(Beginning of Stored data)

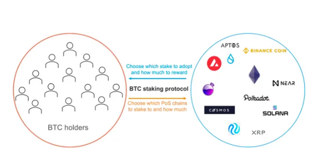 横向可以将 BTC 质押在不同的 pos 链来拓展 BTC 的可能性,让比特币可以在其他的 POS 链产生收益;
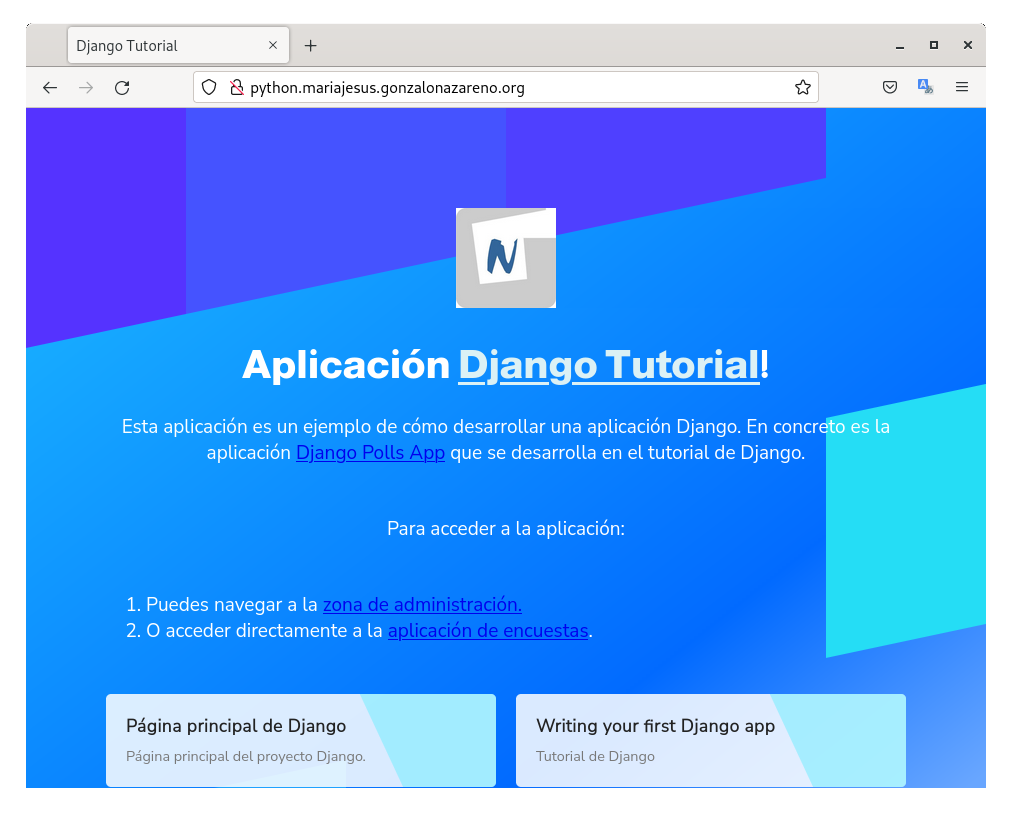 Vamos a configurar el servidor web apache2 con el módulo wsgi para servir la página web. Al utilizar como entorno de desarrollo la máquina bravo, se accederá con el nombre python.mariajesus.gonzalonazareno.org.
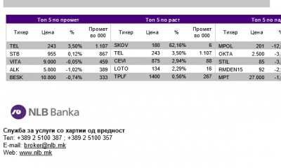 Крајот на оваа скратена трговска недела на Македонската берза заврши со пораст на идексот МБИ- 10 од солидни 1,18% при што вредноста на индексот достигна 2.285,21...

(End of Stored data)

Task requirements: Keep the pictures out of the copy and return the rest of the data above exactly.

Result of the task:
 横向可以将 BTC 质押在不同的 pos 链来拓展 BTC 的可能性,让比特币可以在其他的 POS 链产生收益;
 Vamos a configurar el servidor web apache2 con el módulo wsgi para servir la página web. Al utilizar como entorno de desarrollo la máquina bravo, se accederá con el nombre python.mariajesus.gonzalonazareno.org.
 Крајот на оваа скратена трговска недела на Македонската берза заврши со пораст на идексот МБИ- 10 од солидни 1,18% при што вредноста на индексот достигна 2.285,21...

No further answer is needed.